- Episode no.: Season 6 Episode 12
- Directed by: Pamela Fryman
- Written by: Craig Gerard; Matthew Zinman;
- Production code: 6ALH12
- Original air date: December 13, 2010

Guest appearances
- Chris Romano as Punchy; Alex Trebek as himself; Ben Vereen as Sam Gibbs; Melissa Molinaro as Noelle;

Episode chronology
| ← Previous "The Mermaid Theory" | Next → "Bad News" |
- How I Met Your Mother season 6

= False Positive (How I Met Your Mother) =

"False Positive" is the 12th episode of the sixth season of the CBS sitcom How I Met Your Mother, and the 124th episode overall. It aired on December 13, 2010. It features guest star Alex Trebek.

==Plot==
Ted waits outside a movie theater showing It's a Wonderful Life, carrying a gingerbread house as a Christmas-themed snack. Future Ted explains that, two days earlier, Marshall and Lily received what appeared to be a positive pregnancy test and told Ted, Barney, and Robin, before later learning from the doctor that it was a false alarm.

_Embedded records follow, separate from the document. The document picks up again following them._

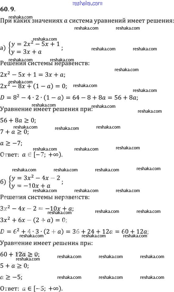 Представляем вам сборники по Алгебре, с готовыми ответами к Задачнику Мордкович школьной программы для учеников десятый-одиннадцатый класса. Это не просто гдз с ответом, а с подсказками, как верно решить §60. Задачи с параметрами Глава 10 60. 9. Проверяй домашку с умом и получай высший балл!
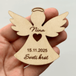 Lep in simboličen lesen angel iz topolove vezane plošče, popoln kot spominek ob sveti birmi. Izdelek je natančno izrezan z laserjem in graviran z imenom, datumom in napisom “Sveta birma”, kar mu daje oseben in topel pomen.
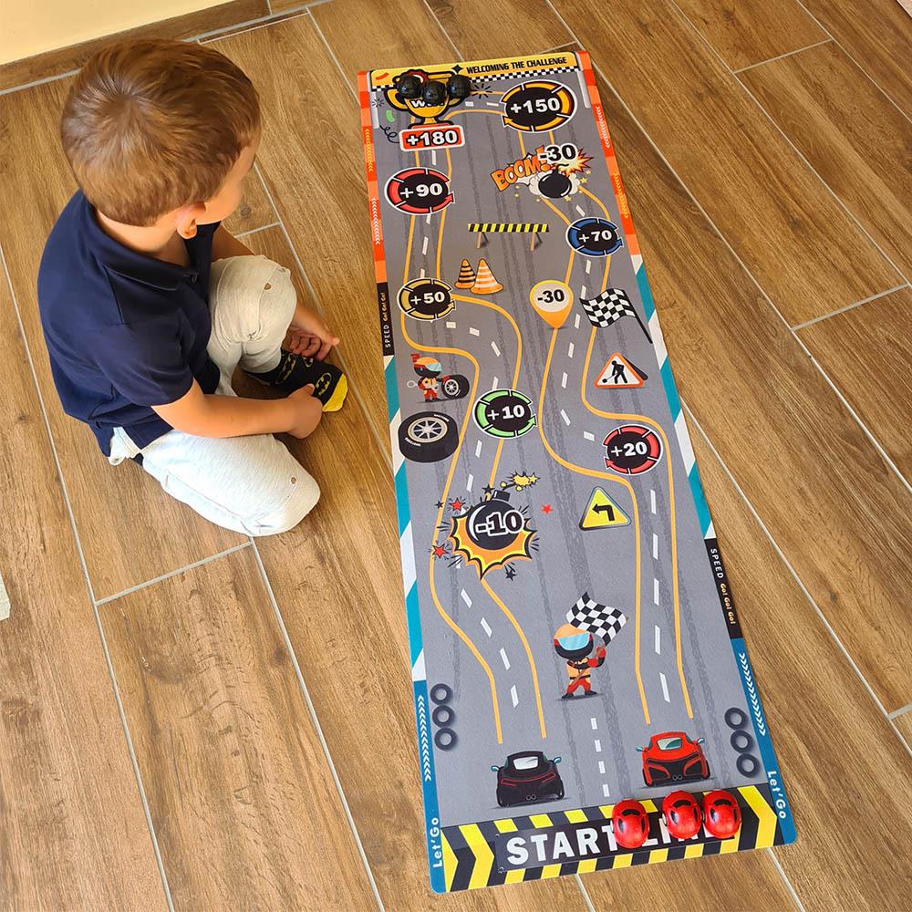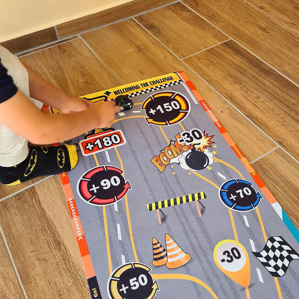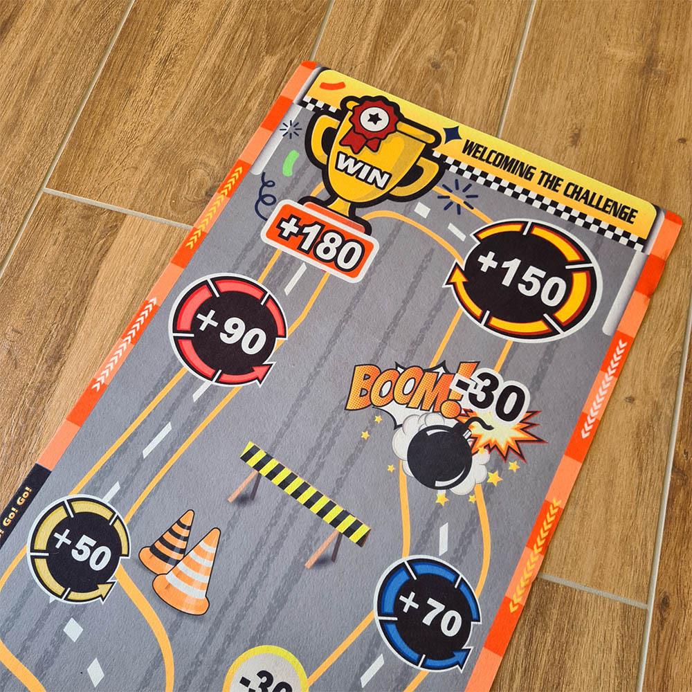 Táto hracia podložka nastolí v každej izbe adrenalínovú atmosféru. Deti si môžu samy alebo s kamarátmi skúšať presnosť streľby, zbierať body a baviť sa pri jednoduchej, ale chytľavej hre. Stačí si rozložiť podložku, pripraviť "puky" a mieriť na bodované polia. Podložka je mäkká, ľahko skladná a jednoducho prenosná, takže si ju môžete vziať na cesty, dovolenku alebo kamkoľvek na návštevu. Zahrajte si hru, ktorá sa podobá curlingu na detskej oslave alebo na detskom tábore. Kto získa najviac bodov a bude mať najlepší "ťah na bránku"?

The news causes the others to reconsider their own choices. Robin, who has been auditioning for a game-show job hosted by Alex Trebek, decides to accept an associate researcher position at World Wide News after Ted criticizes her for abandoning her New Year's Resolution. Barney receives an end-of-year bonus and initially plans to spend it on luxuries, but the pregnancy news makes him briefly decide to donate the money instead. Marshall and Lily, meanwhile, panic about becoming parents and try to prepare their apartment before learning that Lily is not pregnant.

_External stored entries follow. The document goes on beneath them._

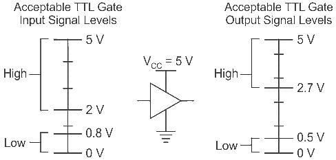 What are the logic levels in case of TTL logic using +5V as VCC?
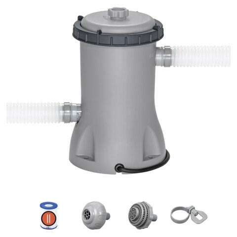 Подходит для каркасных и надувных бассейнов. Производительность насоса — 2006 литров в час. Принцип работы фильтра очень прост: вода прокачивается через отверстие по шлангу, проходит фильтрацию через специальный картридж (тип II) и возвращается обратно в бассейн уже очищенной. Замена картриджа требуется раз в две недели при непрерывной работе.
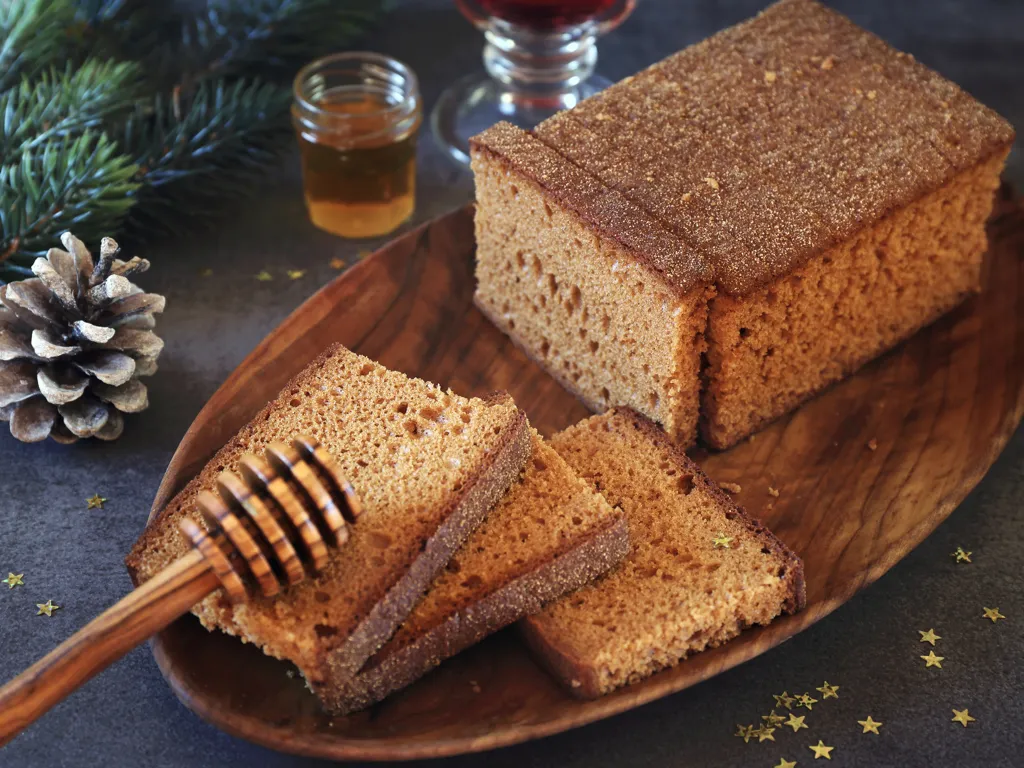 farine, levure, miel, cassonade, lait, sel, gingembre, cannelle, quatre-épices, gingembre confit, farine de seigle, oeuf

When the group meets outside the theater, Marshall and Lily admit they are relieved and consider getting a dog instead. Robin and Barney also begin retreating from their changed decisions. Ted angrily smashes the gingerbread house and tells each of them to follow through: Marshall and Lily should keep trying to conceive, Barney should give away the money, and Robin should take the World Wide News job. He also pushes Punchy to go through with his wedding after Punchy gets cold feet.

In the end, Marshall and Lily continue trying to conceive, Barney returns his diamond suit and donates money and suits to charity, and Robin begins her first day at World Wide News. Robin later thanks Ted for his outburst, and he accepts her offer to be the best man if she ever marries someone else.

== Critical response ==

Donna Bowman of The A.V. Club gave the episode an A− rating.

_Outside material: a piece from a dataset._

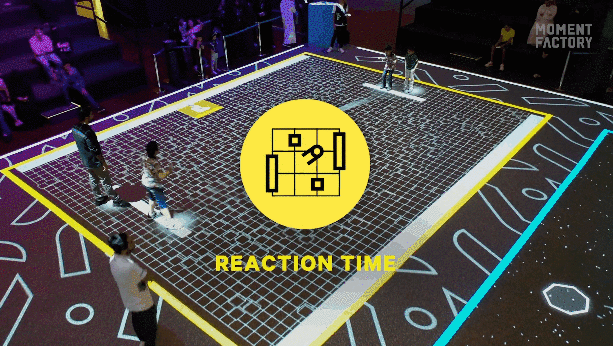 Moment Factory團隊的《PLAY² 》,游戲變成了“體育競技場”。2019Tanween專題討論會上,創(chuàng)新型的現場游戲PLAY²誕生,這是一個多媒體互動游戲,可以在大屏幕上實時記錄玩家運動分數,將游戲從屏幕上帶到現實世界。
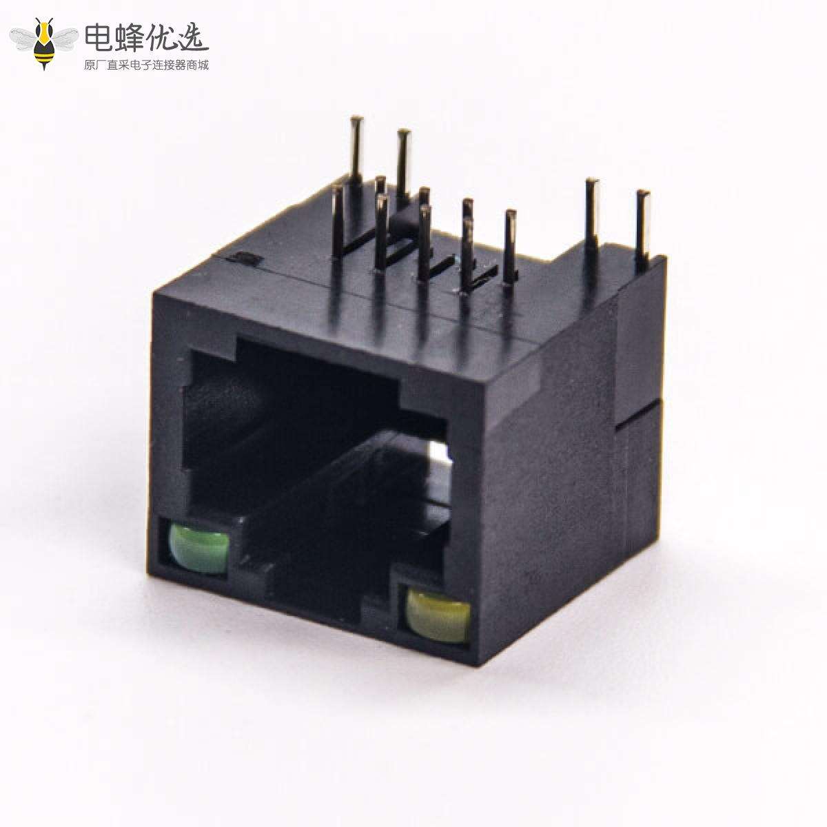 RJ45插座,8P8C,单端口,1*1,弯式90°,触头镀金,插孔,PCB板安装,非屏蔽,带灯,不带滤波;

Robert Canning of IGN gave the episode a rating of 9.5 out of 10.

DeAnn Welker of Television Without Pity graded the episode an A.

Jordan Cramer of TVOvermind graded the episode B+, highlighting the episodes ending to show Ted's most genuine side, when he finally loses his temper and forces the group to re-examine their choices, this showed more depth and care to Ted's Character on the show.